Of course, I was terrified. All of my instincts were screaming out to run, to build more walls. She was too put together, too outgoing, she’d grow bored with my introversion, my love of staying in.
But something strange happened- I resisted all of my instincts. I knew now not to always trust them, not to jump at every impulse. I didn’t text her 24/7 right away. I didn’t schedule 4 dates in one week and get sick of her. I didn’t try to force anything or get wrapped up in the fantasy.
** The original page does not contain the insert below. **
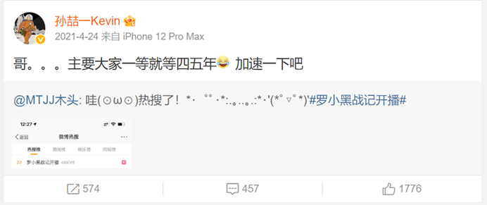 此外他也对“罗小黑”IP充满期待。在2021年《罗小黑战记》登上热搜时,孙喆一还转发了导演木头的微博催更,称“大家一等就等四五年,加速一下吧。”

Instead of shouldering all of her burdens right away without giving anything in return, I let her carry some of mine. I stopped trying to prove how together I was and let the ragged seams and messy stitches show through.
Eventually, I realized I cared about her so much I was almost never late to a date (with the exception of the two times I was 45 minutes late, but I blame that on transit from Queens (sorry, Jam)).
In allowing myself to become the mess I had feared to be, in learning why I was this way, that it wasn’t laziness or failure to be normal but a different wiring, in showing J what she now lovingly calls my chaos brain, I didn’t scare her away. If anything it brought us closer.
Over a year on and just past my two year anniversary with my therapist, we live together. I’m reading books and studies on the way ADHD presents differently in women and can affect their relationships and share my findings with J. I’ve learned that communicating my needs and thoughts is easier for me through writing, and sometimes I’ll text her from work about a conversation we were having the night previously.
I now recognize my first instinct is often a defense mechanism and that my brain needs time and space to filter through information like ground water through soil, purifying and refining as it goes. Every day is an experiment in how to run a household with one neurodivergent brain and one brain geared towards order.
So far, I’ve only gotten us locked out of the twice (our solution was to just remove the chain lock from the door), and J still thinks it’s cute how often I misplace my phone in our apartment and harmonizes with the weird little songs that burst out of me. My messy little brain feels free to wiggle and groove however it needs to while J helps to make sure it doesn’t fall completely off the tracks.